A sticker on the jacket of this book says, "If you liked Downton Abbey you'll love this!" Well, from that and the fact that Fay Weldon wrote the pilot episode for Upstairs, Downstairs, most readers will have a fair premonition of the cast of aristocrats, wayward heirs, butlers, tweenies, Yankee beauties, moneylenders and walk-on historical figures who will populate 17 Belgrave Square in the 1899 conjured up in Habits of the House.
Eric Baum, financial counsellor to Robert, Earl of Dilberne, is first up the stone steps. The first word uttered is "Bugger" by Elsie, the under-housemaid startled by the ringing of the front doorbell at an early hour. Baum bears satisfyingly bad news for the careless earl. His gold mine in South Africa has been seized, looted and flooded by rebellious Boers. Ruin stares him in his fine face.
The scene is set; the reader is in expert hands. The only way out for Robert is to marry his children off to money. The only difficulty is that the son, Arthur, seems very well suited with Flora, the buxom tart he has set up in rooms. And Rosina is a young woman of pronounced radical opinions about women's rights and not looking to marry anyone. She is startlingly prescient, quoting Freud's theories to scandalised dinner tables at a time when Freud was almost totally unknown in England (her father is evidently possessed of second sight, quoting from Major Barbara, six years before that play was first staged in 1905).
But the story cracks along at a fine and witty pace. In her picture of the Baums, Fay Weldon brings out well the prevalent anti-Semitism of the time. Isobel, Countess of Dilberne, is a precise portrait of a narrow-minded, proud woman. Apart from the toffs, the servants, casting leery eyes on their betters' goings-on, are vividly drawn, especially Reginald, the worldly-wise guide to his young master, Robert.

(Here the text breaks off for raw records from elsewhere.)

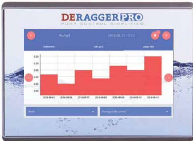
Pump Analysis Screen
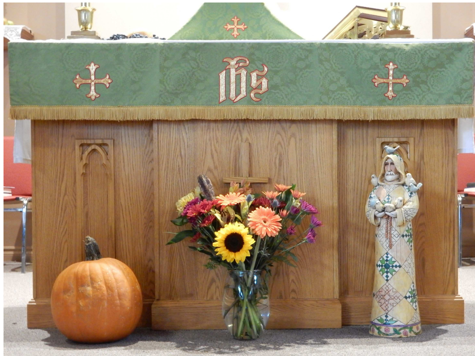
Sanctuary at Thanksgiving
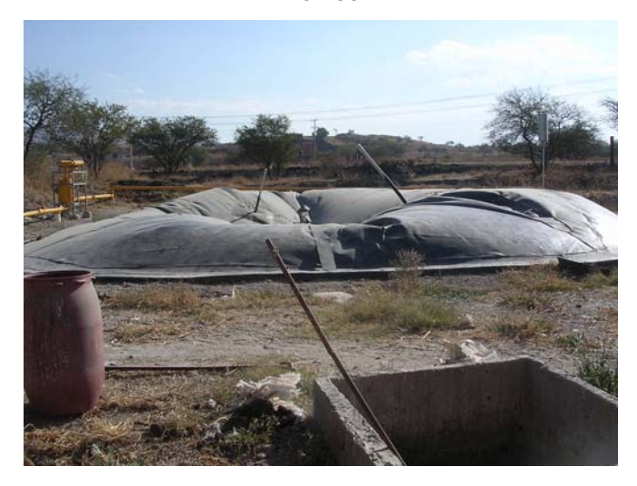
Illustration 3. Anaerobic digester. Farm Santa Mónica. La Piedad Michoacán. Mexico
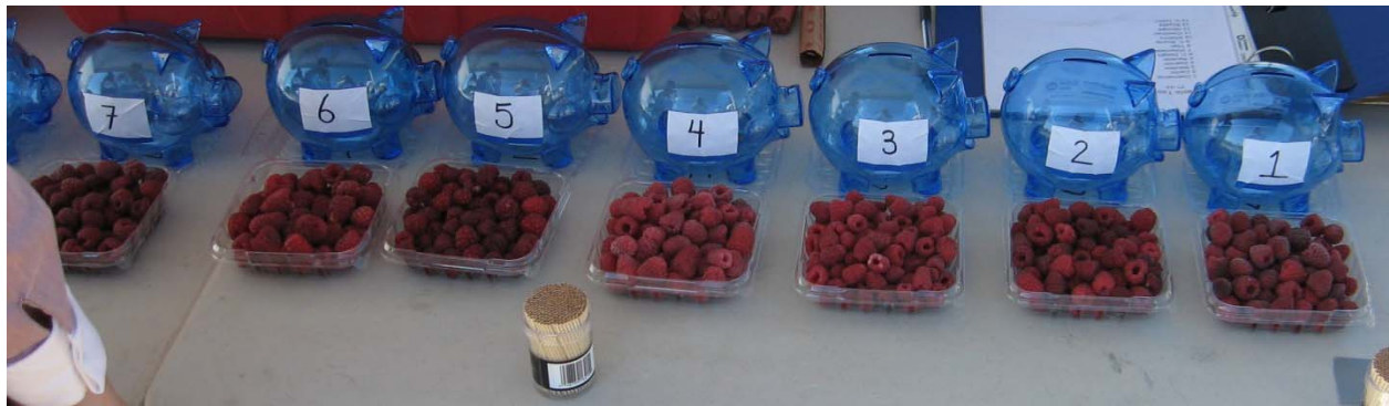
Figure 2. Consumer preference evaluations by farmers market attendees.

The planting was not treated with insecticides, in order to compare insect damage. Approximately weekly during June to August in each 2009-11, the number of canes with wilted tips and raspberry horntail larvae present were determined for each fall-bearing cultivar. Suspect canes were cut open and the presence, size, and location of horntail larvae and parasitoid wasps was determined (Figure 3).
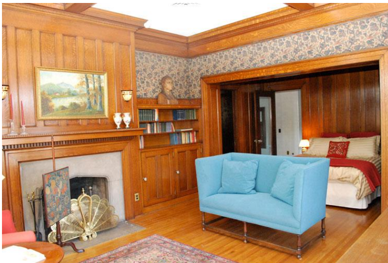
The Bachelor's Quarters
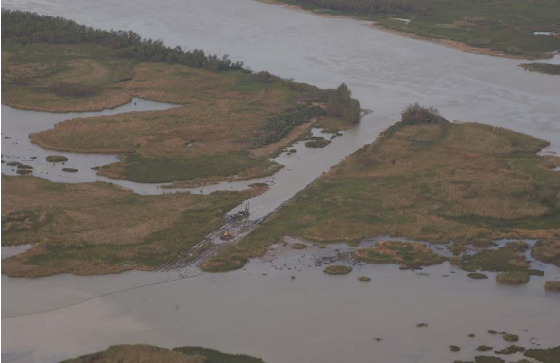
Photo 18. Photo taken dredging operations at Crevasse 11.

The household is rescued by the arrival of the Yanks: the Chicago beef baron, Billy O'Brien, his wife, the magnificently vulgar Tessa and their daughter, Minnie - a girl "with a past". After many vicissitudes, all ends well. Weldon's book reminds us how a good writer can freshen the rather over-worked seam of late Victorian and Edwardian historical fiction. If the period detail is sometimes a little too careful, the observation of social mores and individual emotion is always acute and lively.